2.2 Hog Fuel and Plytrim. Seller shall sell, and Buyer shall purchase, 100% of the Excess Output of the hog fuel and plytrim produced at the St. Maries Mill. As used herein, “Excess Output” means the quantity produced in excess of the amount of hog fuel and plytrim utilized in the operation of the three boilers at the St. Maries Mill or, in the case of plytrim, supplied by Seller to its mill located in Post Falls, Idaho (the “Post Falls Mill”).

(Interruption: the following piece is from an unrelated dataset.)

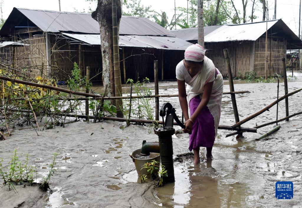8月28日,在印度阿萨姆邦,一名女子在一处几乎被淤泥覆盖的水井旁打水。

2.3 Output Contract. The parties understand that this Agreement is an output contract only, and does not obligate Seller to produce any specific amount of Residuals. Seller may suspend or curtail its production of Residuals without liability in connection with mill outages, changes in operations, shift reduction, downtime, mill closures, changes in market prices or costs, and other similar events within or outside of Seller’s control.

ARTICLE III

DELIVERY, LOADING AND MEASUREMENT

3.1 Transportation and Measurement. Residuals will be delivered FOB Buyer’s truck at the St. Maries Mill. Buyer shall be responsible for making arrangements for transporting Residuals from the St. Maries Mill and paying the cost of transportation. Seller will maintain appropriate facilities for loading trucks at the St. Maries Mill in substantially their present condition to allow truck drivers to load trucks in accordance with standard industry practice. Buyer shall schedule sufficient trucks to take delivery of Residuals on a regular basis, and in any event remove Residuals before the volume in storage at the St. Maries Mill exceeds customarily available storage capacity. Buyer shall determine the weight of each truckload of Residuals by weighing the truck before and after unloading, utilizing a state certified scale. Buyer shall at all times maintain the scales in good and accurate working condition.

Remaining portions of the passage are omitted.